## WHAT YOU ARE ASKED TO DO
Repeat each entry exactly. Drop every image.
EXTRACTED INFORMATION: Begin
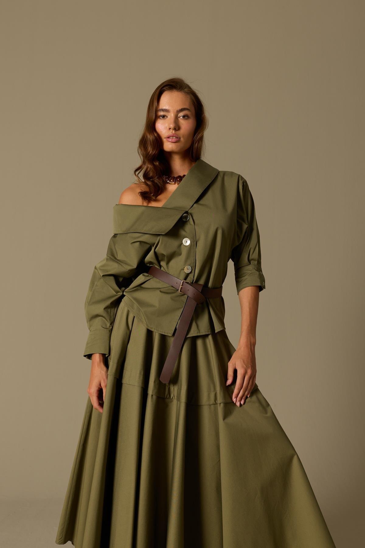Ekru Tek Omuzu Açık Asimetrik Yapılı Belden Bağlama Detaylı Geniş Kalıp Uzun Kollu Gömlek Ekru Tek Omuzu Açık Asimetrik Yapılı Belden Bağlama Detaylı Geniş Kalıp Uzun Kollu Gömlek ST090S554560001 XL
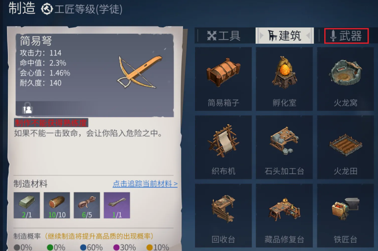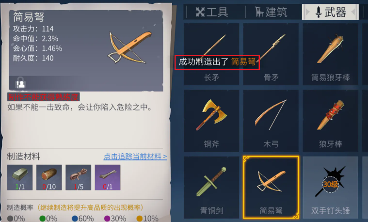 进阶使用需掌握装填节奏与位移同步技巧,简易弩的装填动作可借地形掩护完成。在资源采集场景如晨曦树林时,可先清除区域敌人再切换简易弩进行警戒。武器强化方面,优先提升攻击力和暴击属性,工匠等级40级后可通过分解重复装备获取强化材料。简易弩在后期会被更高级的远程武器替代,但在游戏前中期仍是性价比突出的选择。
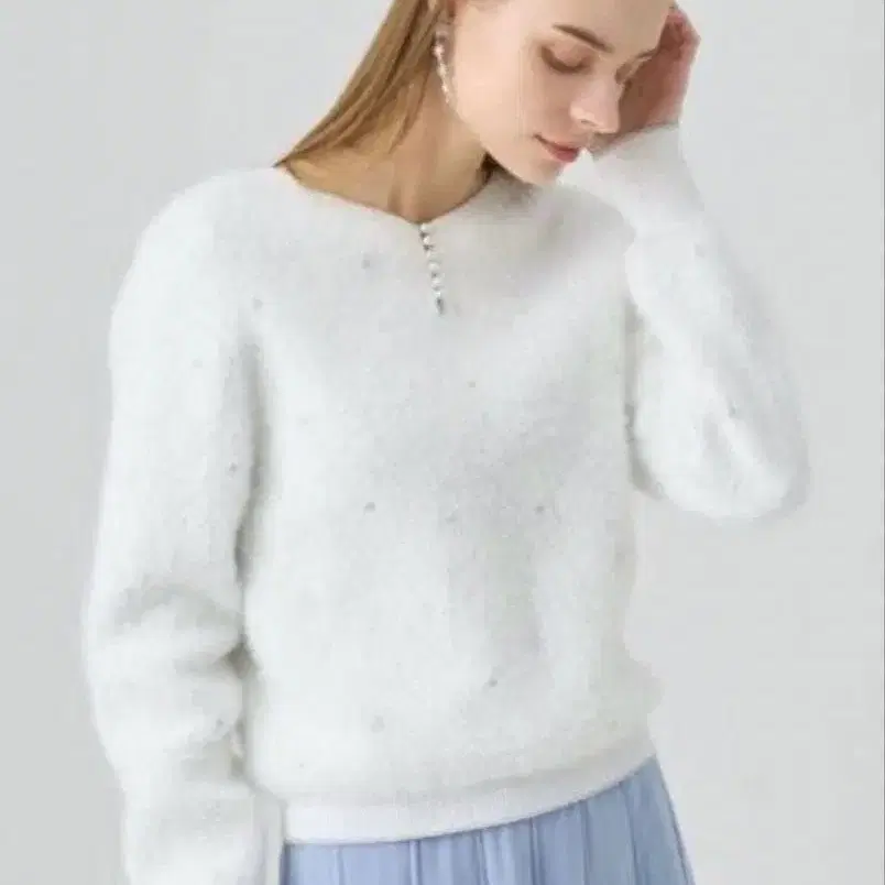 정말 귀여워서 첫눈에 반해 구매했지만, 너무 아껴 입지 못해 판매합니다. 깨끗한 상태입니다. 정가 26,400엔 완판 페더얀을 촘촘하게 짜서 퍼와 같은 질감 속에 라메 실로 자수한 듯 패턴을 표현한 자카드 니트 소재입니다. 복슬복슬 x 반짝이는 뉘앙스가 시즌의 기분을 고조시켜 줍니다. 쫀득한 입체감이 있는 소재는 따뜻함은 물론, 실루엣도 탄탄하게 잡아주어 착용감이 뛰어납니다. 뒷넥라인을 얕은 V넥으로 하여 앞뒤 2WAY로 착용 가능한 풀오버입니다. 약간 두꺼운 소재이지만 목둘레는 깔끔하게 떨어져 무겁게 느껴지지 않습니다. 얼음 결정 패턴으로 연출한 패턴에 맞춰 리브 원단에 섬세하게 실버 라인을 더했습니다. 등에는 작은 펄 비즈를 달았습니다. [ 부속물 ] 없음 [ 안감 ] 없음 [ 비침 ] 없음 [ 여밈 사양 ] 뒷단추 여밈 [ 신축성 ] 있음 [ 케어 방법 ] 클리닝 [ 착용감 원단 두께 ] 약간 두꺼움 [ Holiday Collection 2024 'Sparkle Holiday' ] 반짝임과 빛을 발하는 겨울 세계관을 발레 [ 눈의 여왕 ]에서 영감을 얻어, 다양한 텍스처로 표현한 마음을 설레게 하는 컬렉션
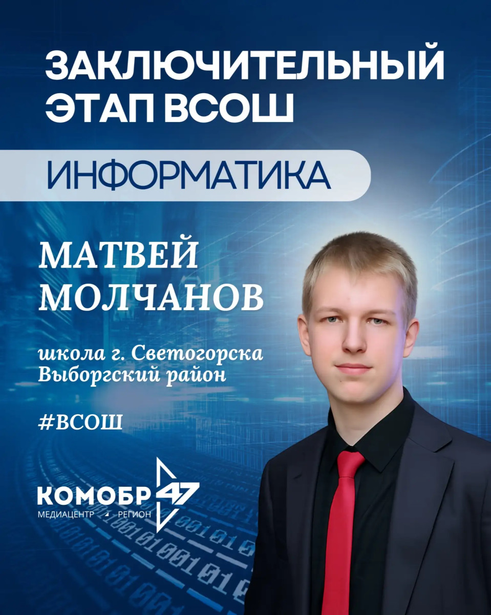 Ранее Online47 рассказывал, что школьники Ленинградской области выступят в финале Всероссийской олимпиады
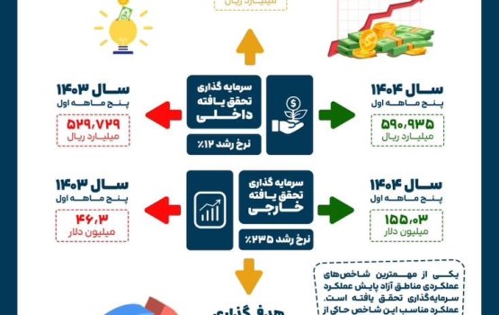 اینفوگرافی | سرمایه‌گذاری تحقق یافته در مناطق آزاد طی 5 ماه نخست سال 1403 و 1404
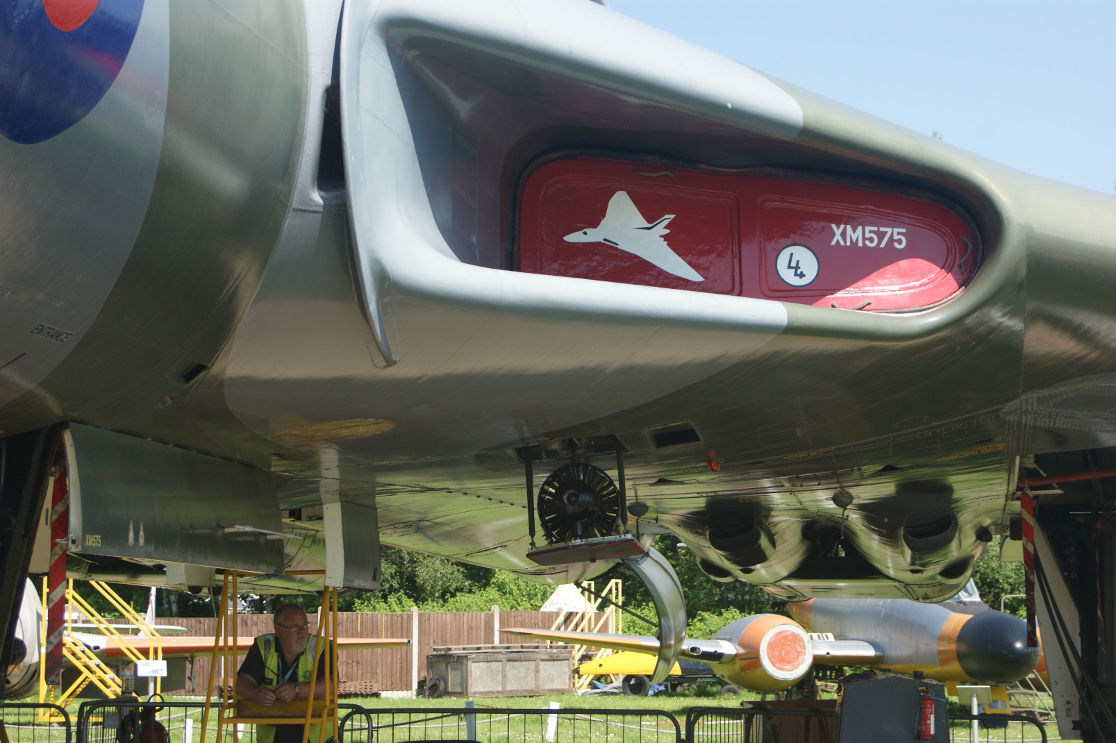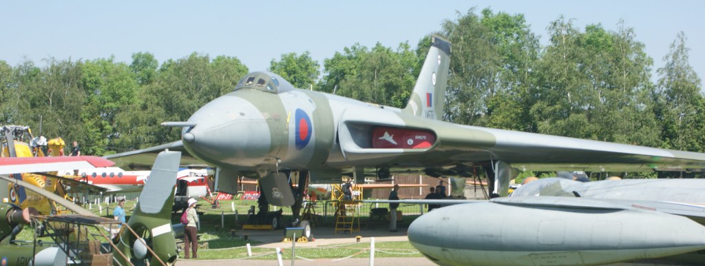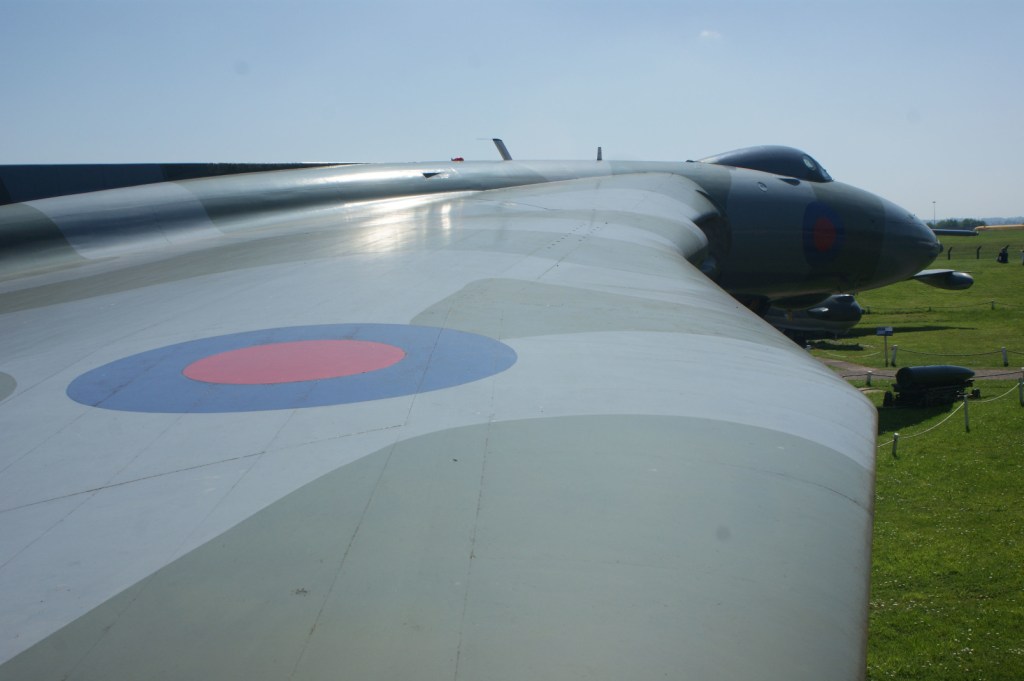 For me though, the overall star of the show was Vulcan B2 XM575. The curator was on hand to talk about this airframe, explaining that the engines are still in place and all the electrics are working. Unfortunately the clutch plate for the bomb-bay doors was needing to be replaced, so they could not demonstrate that mechanism. That was more than compensated for by a view above and along the wing’s leading edge, showing that its shape is much more complex than the simple delta that you see from below. It was also interesting to see the Ram Air Turbine (“RAT”) deployed – this would have provided electric to the aircraft if all other systems had failed, ie a power source of last resort (“deploy and pray”, as the curator said).
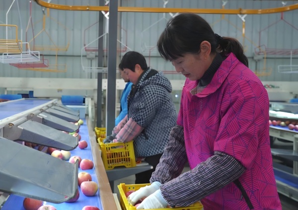 生产线上,一颗颗新鲜苹果经履带传送,依次完成清洗、消毒、风干等工序,再由工人进行精细分拣、装箱。这条智能化生产线月分拣能力1000余吨,每年可为本地苹果产业增值700余万元,经济效益显著。
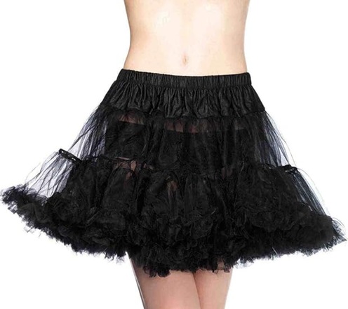 Tulle Mini Petticoat: Not planning to wear Lolita every day? A tulle petticoat is often short in length (under 18″) and made of thin netting (tulle). These petticoats are great for layering over an A-line to change up the silhouette, or for infrequent events. Tulle can crumple and flatten faster than other fabrics so it’s less practical for daily use. These can be found at costume shops or online pretty cheaply! Brands like “Leg Avenue” make them in fun colors and in plus sizes also.
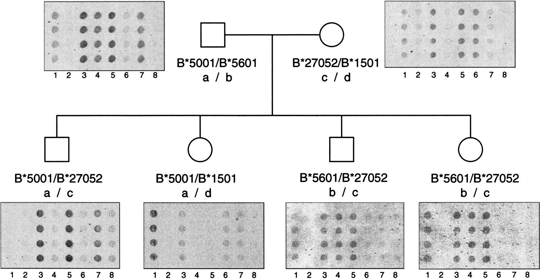 Segregation of HLA-B SNPs in a family study. Probes descriptive for positions 154–173 (lanes 1–4) and positions 194–213 (lanes 5–8) of exon 2 are illustrated for HLA-B*5001 (paternal “a” haplotype, lanes 3 and7), HLA-B*5601 (paternal “b” haplotype, lanes 4and 5), B*27052 (maternal “c” haplotype, lanes 3and 5) and B*1501 (maternal “d” haplotype, lanes1 and 6). Positions of the probes are numbered according to the HLA/IMGT database. Cross-hybridization is observed for eight of the 137 (6%) probes, however, these spurious signals can be identified by analyzing the hybridization results of the other probes in the group. For example, the two family members with the “b/c” haplotype in this figure demonstrate a false-positive hybridization with the probe in lane 1. Despite the signal from this probe, the correct allele was called because of the lack of signal from the probe in lane 6.
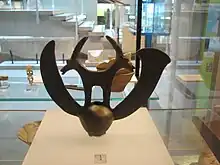 The Nahal Mishmar hoard is the hoard of archaeological artifacts found by a 1961 expedition led by Pessah Bar-Adon in a cave by Nahal Mishmar in the Judaean Desert near the Dead Sea, Israel. The collection wrapped in a straw mat found under debris in a natural crevice contained 442 objects: 429 of copper, six of hematite, one of stone, five of hippopotamus ivory, and one of elephant ivory. Carbon-14 dating of the mat suggests the date at least 3,500 BCE, i.e., it places the hoard into the Chalcolithic period.[1][2][3][4][5]
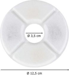 Filtru diametrs ir 12,5 cm ar centrālo atveri 3,5 cm, tāpēc tie viegli der lielākajai daļai apaļu strūklaku ar centrālo stabu. Uzstādīšana ir ātra un bez instrumentiem – vienkārši ievietojiet, izskalojiet un lietojiet.
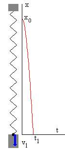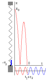 Se determinan los valores de las constantes A, B, C y D de la ecuación de la posición x en función del tiempo t para describir el movimiento de la partícula tras el primer rebote. En la parte superior de la figura, se muestra la posición de la partícula en función del tiempo, hasta el primer rebote. En la parte inferior, la gráfica de la fuerza oscilante f=F·cos(ωf·t+δ).En el instante t=t1 en el que se produce el primer rebote, la fase de la fuerza oscilante, se muestra en color rojo. Segundo rebote
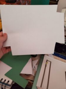 • Moving onto the printer paper, cut out the corners of the (printer) paper that lay on top of the folded corners of the mixed media paper.
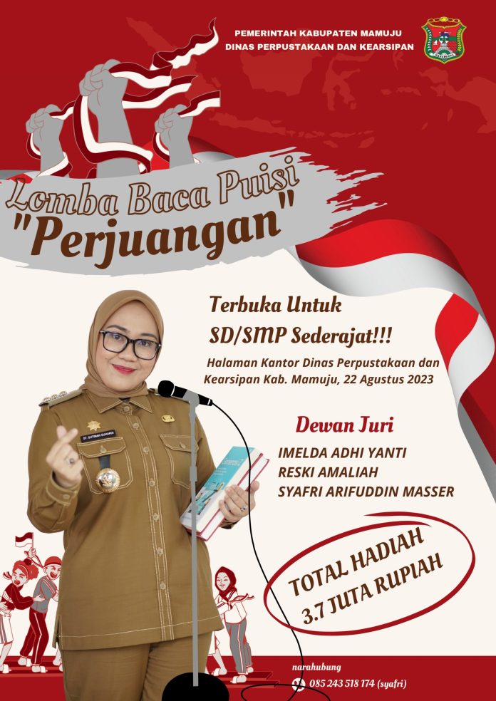 MAMUJU, MATALENSA.ID — Dinas Perpustakaan dan Kearsipan Mamuju bakal menggelar lomba baca puisi pada Selasa, 22 Agustus 2023 mendatang. Kegiatan ini dalam rangka menyemarakkan bulan kemerdekaan, Republik Indonesia yang kini telah memasuki usia ke 78 tahun.
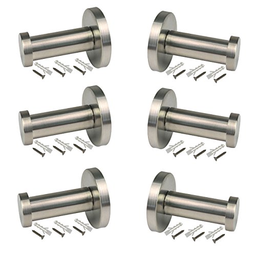 Brushed Stainless Steel Bath Towel Hooks, HOVEOX 6 Pcs Super Heavy Duty Wall Mounted Hook 2 Inch Single Clothes Hooks with18 Screws 0.8 Inch & a Free Screwdriver Fit for Home, Office, Hotel (Silver)
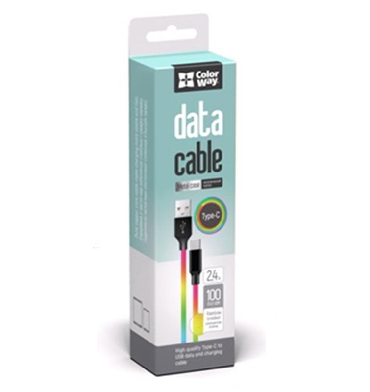 Кабель ColorWay USB-USB Type-C, 2.4А, 1м, Multicolor (CW-CBUC018-MC)
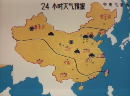《天氣預(yù)報》節(jié)目開播最初,每天的文稿都是由氣象臺負(fù)責(zé)撰寫,然后傳真給電視臺;所用的圖就一張24小時預(yù)報圖,它是整個節(jié)目的“當(dāng)家花旦”,播報員就是圍繞著它說話的。那時候沒有什么技術(shù)含金量,每天都用手繪完成(鉛筆畫好之后再用鴨嘴筆描粗),畫好后中央臺派車來取。
EXTRACTED INFORMATION: End
## RESULT
Ekru Tek Omuzu Açık Asimetrik Yapılı Belden Bağlama Detaylı Geniş Kalıp Uzun Kollu Gömlek Ekru Tek Omuzu Açık Asimetrik Yapılı Belden Bağlama Detaylı Geniş Kalıp Uzun Kollu Gömlek ST090S554560001 XL
 进阶使用需掌握装填节奏与位移同步技巧,简易弩的装填动作可借地形掩护完成。在资源采集场景如晨曦树林时,可先清除区域敌人再切换简易弩进行警戒。武器强化方面,优先提升攻击力和暴击属性,工匠等级40级后可通过分解重复装备获取强化材料。简易弩在后期会被更高级的远程武器替代,但在游戏前中期仍是性价比突出的选择。
 정말 귀여워서 첫눈에 반해 구매했지만, 너무 아껴 입지 못해 판매합니다. 깨끗한 상태입니다. 정가 26,400엔 완판 페더얀을 촘촘하게 짜서 퍼와 같은 질감 속에 라메 실로 자수한 듯 패턴을 표현한 자카드 니트 소재입니다. 복슬복슬 x 반짝이는 뉘앙스가 시즌의 기분을 고조시켜 줍니다. 쫀득한 입체감이 있는 소재는 따뜻함은 물론, 실루엣도 탄탄하게 잡아주어 착용감이 뛰어납니다. 뒷넥라인을 얕은 V넥으로 하여 앞뒤 2WAY로 착용 가능한 풀오버입니다. 약간 두꺼운 소재이지만 목둘레는 깔끔하게 떨어져 무겁게 느껴지지 않습니다. 얼음 결정 패턴으로 연출한 패턴에 맞춰 리브 원단에 섬세하게 실버 라인을 더했습니다. 등에는 작은 펄 비즈를 달았습니다. [ 부속물 ] 없음 [ 안감 ] 없음 [ 비침 ] 없음 [ 여밈 사양 ] 뒷단추 여밈 [ 신축성 ] 있음 [ 케어 방법 ] 클리닝 [ 착용감 원단 두께 ] 약간 두꺼움 [ Holiday Collection 2024 'Sparkle Holiday' ] 반짝임과 빛을 발하는 겨울 세계관을 발레 [ 눈의 여왕 ]에서 영감을 얻어, 다양한 텍스처로 표현한 마음을 설레게 하는 컬렉션
 Ранее Online47 рассказывал, что школьники Ленинградской области выступят в финале Всероссийской олимпиады
 اینفوگرافی | سرمایه‌گذاری تحقق یافته در مناطق آزاد طی 5 ماه نخست سال 1403 و 1404
 For me though, the overall star of the show was Vulcan B2 XM575. The curator was on hand to talk about this airframe, explaining that the engines are still in place and all the electrics are working. Unfortunately the clutch plate for the bomb-bay doors was needing to be replaced, so they could not demonstrate that mechanism. That was more than compensated for by a view above and along the wing’s leading edge, showing that its shape is much more complex than the simple delta that you see from below. It was also interesting to see the Ram Air Turbine (“RAT”) deployed – this would have provided electric to the aircraft if all other systems had failed, ie a power source of last resort (“deploy and pray”, as the curator said).
 生产线上,一颗颗新鲜苹果经履带传送,依次完成清洗、消毒、风干等工序,再由工人进行精细分拣、装箱。这条智能化生产线月分拣能力1000余吨,每年可为本地苹果产业增值700余万元,经济效益显著。
 Tulle Mini Petticoat: Not planning to wear Lolita every day? A tulle petticoat is often short in length (under 18″) and made of thin netting (tulle). These petticoats are great for layering over an A-line to change up the silhouette, or for infrequent events. Tulle can crumple and flatten faster than other fabrics so it’s less practical for daily use. These can be found at costume shops or online pretty cheaply! Brands like “Leg Avenue” make them in fun colors and in plus sizes also.
 Segregation of HLA-B SNPs in a family study. Probes descriptive for positions 154–173 (lanes 1–4) and positions 194–213 (lanes 5–8) of exon 2 are illustrated for HLA-B*5001 (paternal “a” haplotype, lanes 3 and7), HLA-B*5601 (paternal “b” haplotype, lanes 4and 5), B*27052 (maternal “c” haplotype, lanes 3and 5) and B*1501 (maternal “d” haplotype, lanes1 and 6). Positions of the probes are numbered according to the HLA/IMGT database. Cross-hybridization is observed for eight of the 137 (6%) probes, however, these spurious signals can be identified by analyzing the hybridization results of the other probes in the group. For example, the two family members with the “b/c” haplotype in this figure demonstrate a false-positive hybridization with the probe in lane 1. Despite the signal from this probe, the correct allele was called because of the lack of signal from the probe in lane 6.
 The Nahal Mishmar hoard is the hoard of archaeological artifacts found by a 1961 expedition led by Pessah Bar-Adon in a cave by Nahal Mishmar in the Judaean Desert near the Dead Sea, Israel. The collection wrapped in a straw mat found under debris in a natural crevice contained 442 objects: 429 of copper, six of hematite, one of stone, five of hippopotamus ivory, and one of elephant ivory. Carbon-14 dating of the mat suggests the date at least 3,500 BCE, i.e., it places the hoard into the Chalcolithic period.[1][2][3][4][5]
 Filtru diametrs ir 12,5 cm ar centrālo atveri 3,5 cm, tāpēc tie viegli der lielākajai daļai apaļu strūklaku ar centrālo stabu. Uzstādīšana ir ātra un bez instrumentiem – vienkārši ievietojiet, izskalojiet un lietojiet.
 Se determinan los valores de las constantes A, B, C y D de la ecuación de la posición x en función del tiempo t para describir el movimiento de la partícula tras el primer rebote. En la parte superior de la figura, se muestra la posición de la partícula en función del tiempo, hasta el primer rebote. En la parte inferior, la gráfica de la fuerza oscilante f=F·cos(ωf·t+δ).En el instante t=t1 en el que se produce el primer rebote, la fase de la fuerza oscilante, se muestra en color rojo. Segundo rebote
 • Moving onto the printer paper, cut out the corners of the (printer) paper that lay on top of the folded corners of the mixed media paper.
 MAMUJU, MATALENSA.ID — Dinas Perpustakaan dan Kearsipan Mamuju bakal menggelar lomba baca puisi pada Selasa, 22 Agustus 2023 mendatang. Kegiatan ini dalam rangka menyemarakkan bulan kemerdekaan, Republik Indonesia yang kini telah memasuki usia ke 78 tahun.
 Brushed Stainless Steel Bath Towel Hooks, HOVEOX 6 Pcs Super Heavy Duty Wall Mounted Hook 2 Inch Single Clothes Hooks with18 Screws 0.8 Inch & a Free Screwdriver Fit for Home, Office, Hotel (Silver)
 Кабель ColorWay USB-USB Type-C, 2.4А, 1м, Multicolor (CW-CBUC018-MC)
《天氣預(yù)報》節(jié)目開播最初,每天的文稿都是由氣象臺負(fù)責(zé)撰寫,然后傳真給電視臺;所用的圖就一張24小時預(yù)報圖,它是整個節(jié)目的“當(dāng)家花旦”,播報員就是圍繞著它說話的。那時候沒有什么技術(shù)含金量,每天都用手繪完成(鉛筆畫好之后再用鴨嘴筆描粗),畫好后中央臺派車來取。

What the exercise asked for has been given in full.